Question

An inductance of 2H carries a current of 2A. To prevent sparking when the circuit is broken, a capacitor of 4$\mu$F is connected across the inductance. The voltage rating of the capacitor is of the order of :

• A. 1000 V
• B. 10 V
• C. 100 V
• D. $10^4$ V

Answer 1

Answer: (A)

1000 V

Answer 2

When a circuit containing an inductor is suddenly broken, the current through the inductor tries to drop to zero instantaneously. This rapid change in current (dI/dt) induces a very large electromotive force (EMF) across the inductor, given by $V = -L \frac{dI}{dt}$. This high induced voltage can cause sparking across the breaking contacts.

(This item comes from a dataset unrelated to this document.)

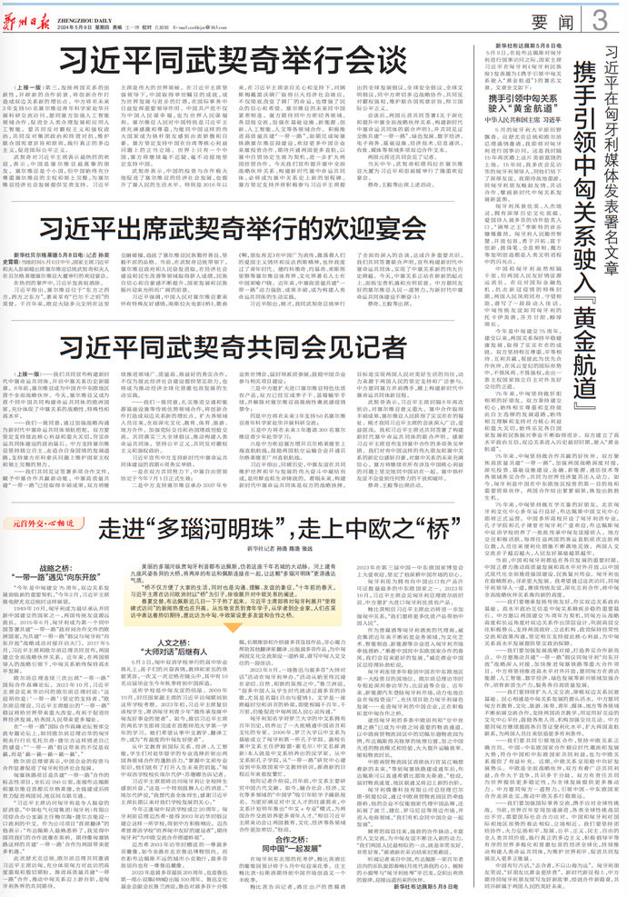 5月8日,在赴布达佩斯对匈牙利进行国事访问之际,国家主席习近平在匈牙利《匈牙利民族报》发表题为《携手引领中匈关系驶入“黄金航道”》的署名文章。(今日《人民日报》2版)

To prevent this sparking, a capacitor is connected across the inductance. When the circuit is broken, the energy stored in the inductor is transferred to the capacitor. By the principle of conservation of energy, the maximum energy stored in the inductor will be transferred to the capacitor, leading to a maximum voltage across the capacitor.

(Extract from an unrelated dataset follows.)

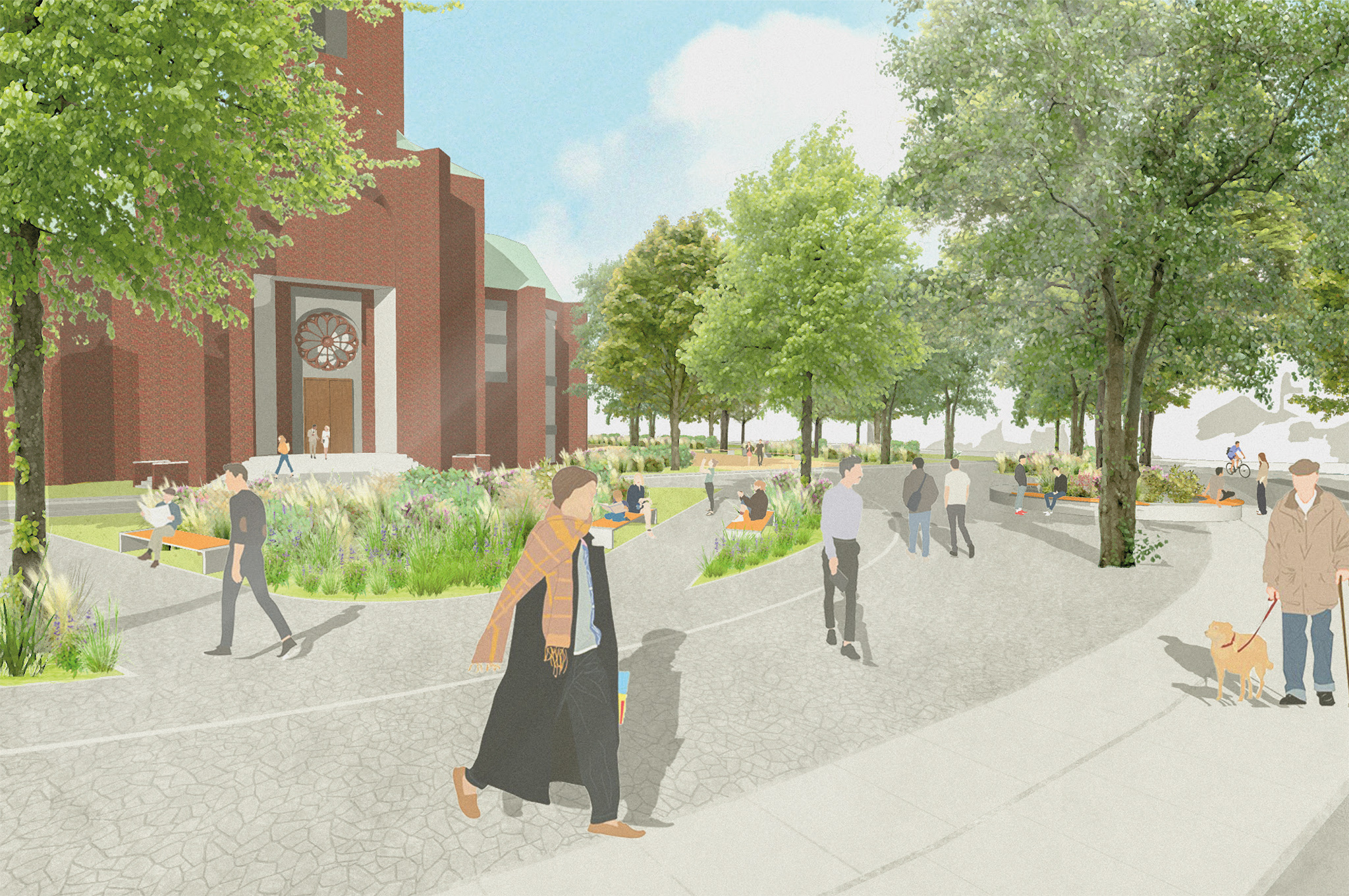Ob zu Fuß oder mit Rad, ob tags oder nachts kommt man jetzt durch eine klare Wegeführung schnell von A nach B über unseren Lausi. Die neue, offene Gestaltung macht den Platz für alle Nutzer:innen nicht nur überschaubarer, sondern auch sicherer. Keine Gebüsche mehr, sondern viel Grün, das durch die Anwohner:innen mitgestaltet wird. Und egal mit welchen Rollen, Niveauunterschiede gibt es hier nicht mehr, denn der Lausi ist für alle da!

The energy stored in an inductor is given by: $E_L = \frac{1}{2}LI^2$

The energy stored in a capacitor is given by: $E_C = \frac{1}{2}CV^2$

Where: $L$ = inductance $I$ = current $C$ = capacitance $V$ = voltage across the capacitor

To prevent sparking, the energy stored in the inductor is completely transferred to the capacitor: $E_L = E_C$ $\frac{1}{2}LI^2 = \frac{1}{2}CV^2$ $LI^2 = CV^2$

We need to find the voltage rating of the capacitor ($V$). So, we rearrange the formula: $V^2 = \frac{LI^2}{C}$ $V = \sqrt{\frac{LI^2}{C}} = I\sqrt{\frac{L}{C}}$

Given values: Inductance, $L = 2$ H Current, $I = 2$ A Capacitance, $C = 4 \mu F = 4 \times 10^{-6}$ F

Substitute the values into the equation: $V = 2 \times \sqrt{\frac{2}{4 \times 10^{-6}}}$ $V = 2 \times \sqrt{\frac{1}{2 \times 10^{-6}}}$ $V = 2 \times \sqrt{0.5 \times 10^6}$ $V = 2 \times \sqrt{50 \times 10^4}$ $V = 2 \times \sqrt{50} \times \sqrt{10^4}$ $V = 2 \times \sqrt{50} \times 10^2$

We know that $\sqrt{50} = \sqrt{25 \times 2} = 5\sqrt{2}$. $V = 2 \times 5\sqrt{2} \times 100$ $V = 10\sqrt{2} \times 100$ $V = 1000\sqrt{2}$

Using the approximate value $\sqrt{2} \approx 1.414$: $V \approx 1000 \times 1.414$ $V \approx 1414$ V

The voltage rating of the capacitor should be able to withstand this peak voltage. The calculated voltage is approximately 1414 V, which is of the order of 1000 V.